◆ **EXERCISE GOAL**
The material below holds the lines to copy: from the one with "桜ミク入りの「初音ミク すっ" up to and including the one with "Keep your important". Copy them exactly and skip the pictures.
[DATA Boundary: Start]
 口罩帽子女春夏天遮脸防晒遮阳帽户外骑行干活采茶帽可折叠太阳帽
[DATA Boundary: End]
[DATA Boundary: Start]
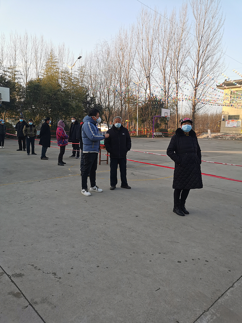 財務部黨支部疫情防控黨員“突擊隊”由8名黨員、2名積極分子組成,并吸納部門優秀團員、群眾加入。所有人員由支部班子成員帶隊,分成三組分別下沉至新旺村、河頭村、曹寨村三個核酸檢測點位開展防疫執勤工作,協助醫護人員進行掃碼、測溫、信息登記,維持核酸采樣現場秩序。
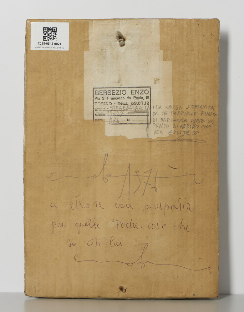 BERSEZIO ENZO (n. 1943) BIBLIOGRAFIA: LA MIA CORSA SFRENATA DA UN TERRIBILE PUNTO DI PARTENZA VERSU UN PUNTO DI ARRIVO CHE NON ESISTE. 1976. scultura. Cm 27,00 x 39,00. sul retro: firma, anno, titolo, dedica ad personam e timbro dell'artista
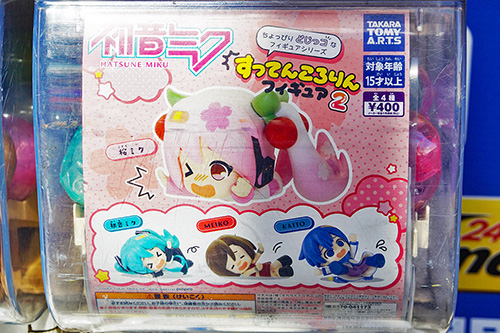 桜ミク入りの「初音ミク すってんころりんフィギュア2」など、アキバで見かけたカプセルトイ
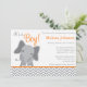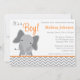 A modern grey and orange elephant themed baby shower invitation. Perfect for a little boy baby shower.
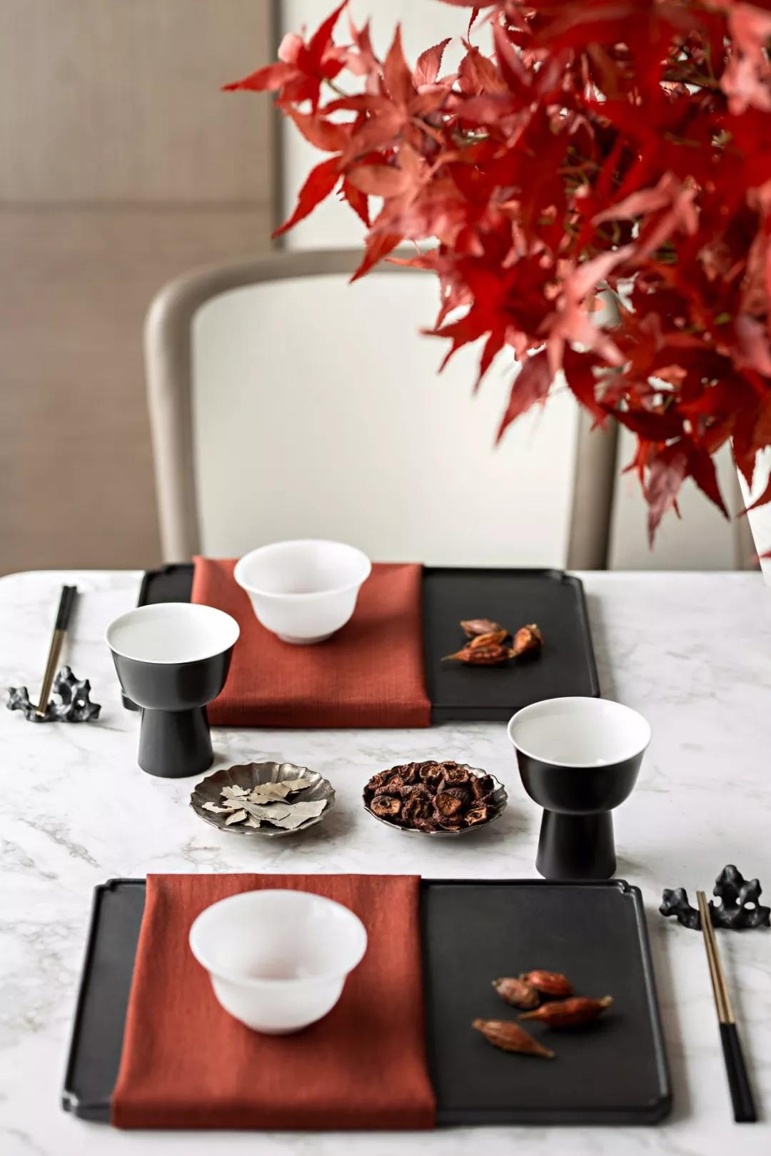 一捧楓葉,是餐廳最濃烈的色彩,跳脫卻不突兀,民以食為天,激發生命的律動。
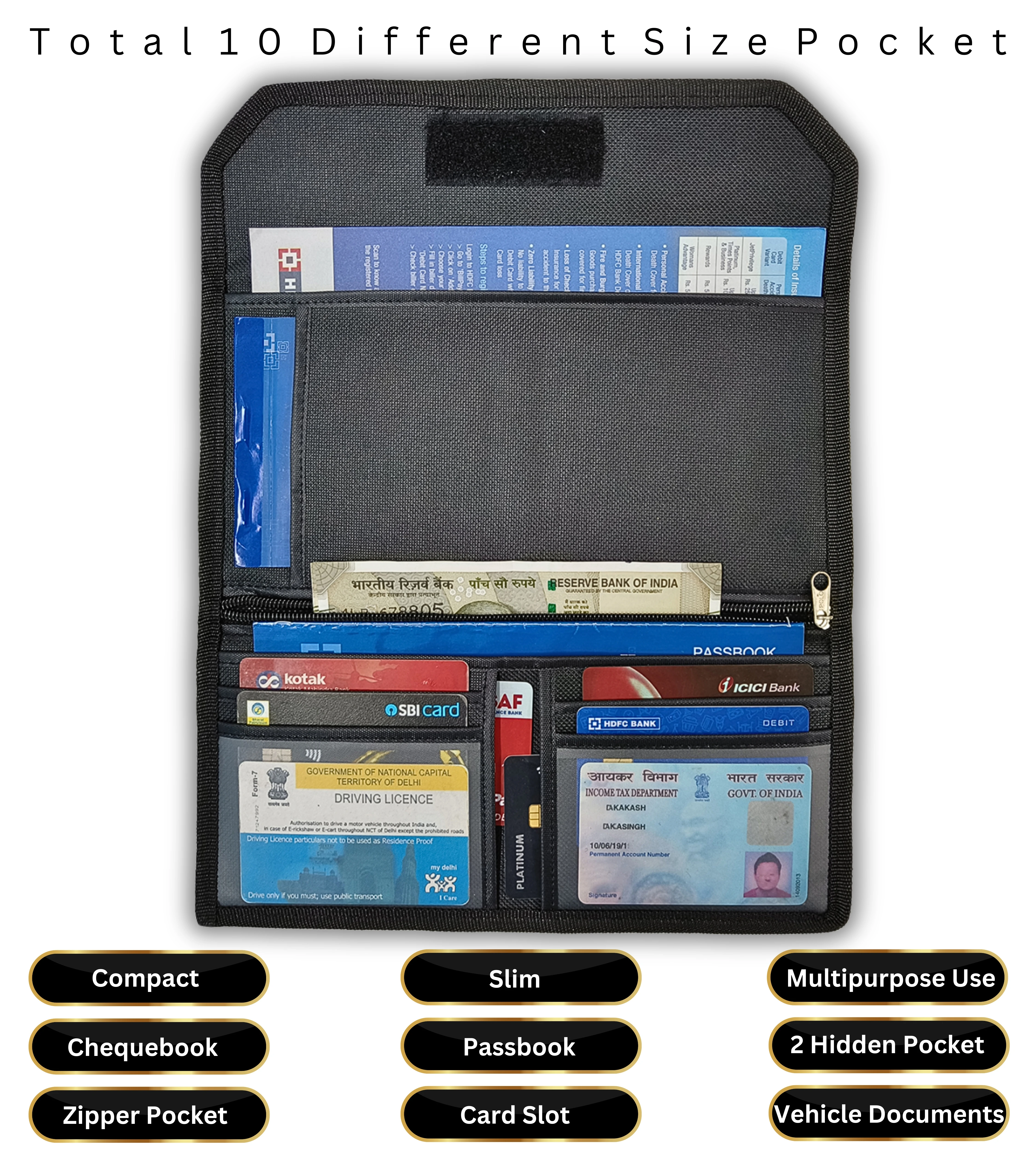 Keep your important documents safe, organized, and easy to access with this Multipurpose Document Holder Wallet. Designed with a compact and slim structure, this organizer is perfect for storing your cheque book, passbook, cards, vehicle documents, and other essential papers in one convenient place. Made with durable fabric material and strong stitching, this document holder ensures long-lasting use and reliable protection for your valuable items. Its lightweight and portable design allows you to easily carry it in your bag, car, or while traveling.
[DATA Boundary: End]
◆ **RESULT**
 桜ミク入りの「初音ミク すってんころりんフィギュア2」など、アキバで見かけたカプセルトイ
 A modern grey and orange elephant themed baby shower invitation. Perfect for a little boy baby shower.
 一捧楓葉,是餐廳最濃烈的色彩,跳脫卻不突兀,民以食為天,激發生命的律動。
 Keep your important documents safe, organized, and easy to access with this Multipurpose Document Holder Wallet. Designed with a compact and slim structure, this organizer is perfect for storing your cheque book, passbook, cards, vehicle documents, and other essential papers in one convenient place. Made with durable fabric material and strong stitching, this document holder ensures long-lasting use and reliable protection for your valuable items. Its lightweight and portable design allows you to easily carry it in your bag, car, or while traveling.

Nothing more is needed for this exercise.